In the Vodafone case, the taxman had added R3,200 crore to VISPL’s income, arguing that it had undervalued the shares it had sold to a Vodafone subsidiary in Mauritius — had the taxman won, VISPL would have had to pay a tax of around R1,000 crore. While VISPL received R246.38 crore for the shares in FY10, the taxman valued the shares at R53,775 each. VISPL had issued shares at a premium of R8,509 per share.
In the case of Shell India, which sold 87 crore shares at R10 to Shell Gas BV in March 2009, the taxman added R15,220 crore more to Shell India’s income; in a separate transfer pricing order the next year, R1,900 crore was added as interest on the income that Shell India would have earned had Shell BV paid the former the R15,220 crore extra. Taken together, this would have meant a tax outgo of around R5,000 crore from Shell India.
Though the original Vodafone tax demand was based on a retrospective amendment to the law in 2012, the court did not rule on the validity of the law since the company did not challenge this. After Section 92(1) of the Income Tax Act was amended, the taxman said the share sales came under its ambit. The court, however, ruled that even after amendment of Section 92(1), the premiums companies earned on share transfers could not be construed to be part of their ordinary income.

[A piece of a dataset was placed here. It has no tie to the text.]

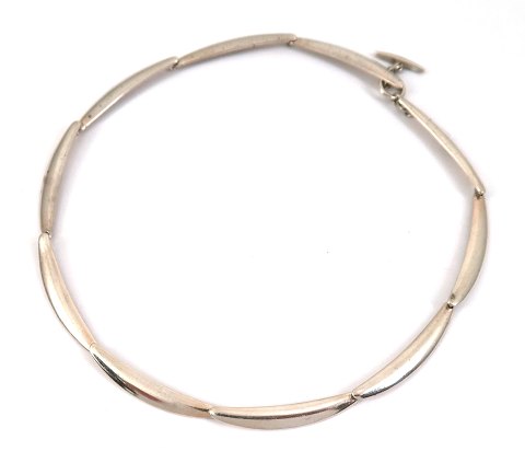 Halssmykke af sterling sølv med aflange, buede led. L. 38 cm. Fremstillet hos TSR Skat Rørdam. Vægt ca. 20 gr.
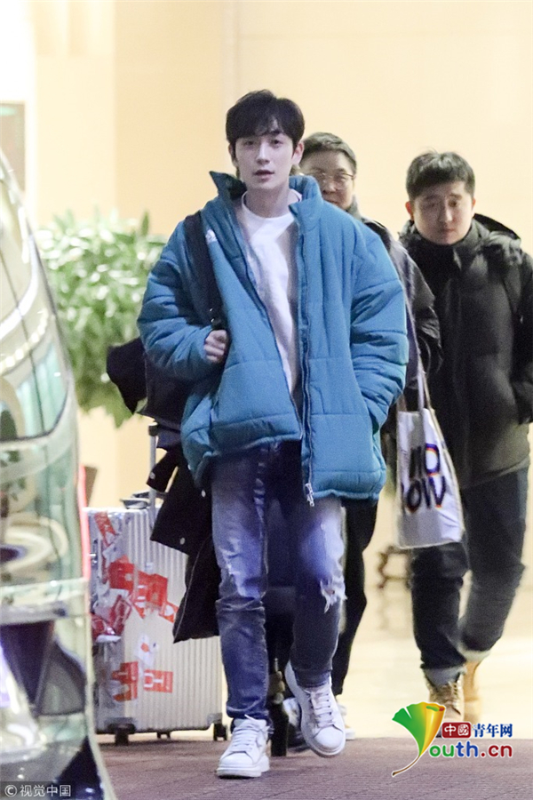 1月15日,北京,朱一龍現(xiàn)身機場。他穿綠色棉襖一路插兜保暖,搭配破洞褲潮范兒十足長腿搶鏡,打扮簡單毫無男神包袱,看鏡頭還一臉呆萌,但氣質仍然出眾。

If all other cases go the Vodafone way, this means foreign firms will be free to infuse capital into local firms or subsidiaries without fear of the taxman questioning the valuation of the transaction. When the taxman had slapped a R15,200-crore transfer pricing adjustment on Shell India, its chairperson had said this was in effect a tax on FDI. If other judgments go the Vodafone way, and the government doesn’t challenge them in the apex court, this tax on FDI will be a thing of the past.
Tax experts welcomed the Bombay HC's order. Girish Vanvari, co-head of tax at KPMG in India, said it had resolved the row arising from view of the revenue authorities that capital infusion through transfer pricing provisions should be taxed. “The HC has stated that the shares issued at premium does not give rise to income and that absent income, there is no ‘international transaction’ to trigger transfer pricing provisions,” Vanvari said.
The view was echoed by Vijay Iyer, partner and national leader, transfer pricing, EY: “This is a huge relief for foreign investors who were being burdened with unnecessary transfer pricing controversy, litigation costs and compliance burden for bringing in foreign direct investment. The position of the revenue authorities seemed unsustainable from the outset but it caused a lot of stress to foreign investors.”
According to SP Singh, senior director, Deloitte Haskins & Sells, “The order appears in line with the tax law as well as economics as there is no specific provision which would enable tax authorities to tax infusion of shares as income in the hands of an Indian subsidiary on account of difference in valuation. Further, it is a common understanding that infusion of share is an act of investment and is in nature of ‘capital’ and not ‘income’. The government must consider all aspects before going in appeal before the Supreme Court and ensure certainty to taxpayers.”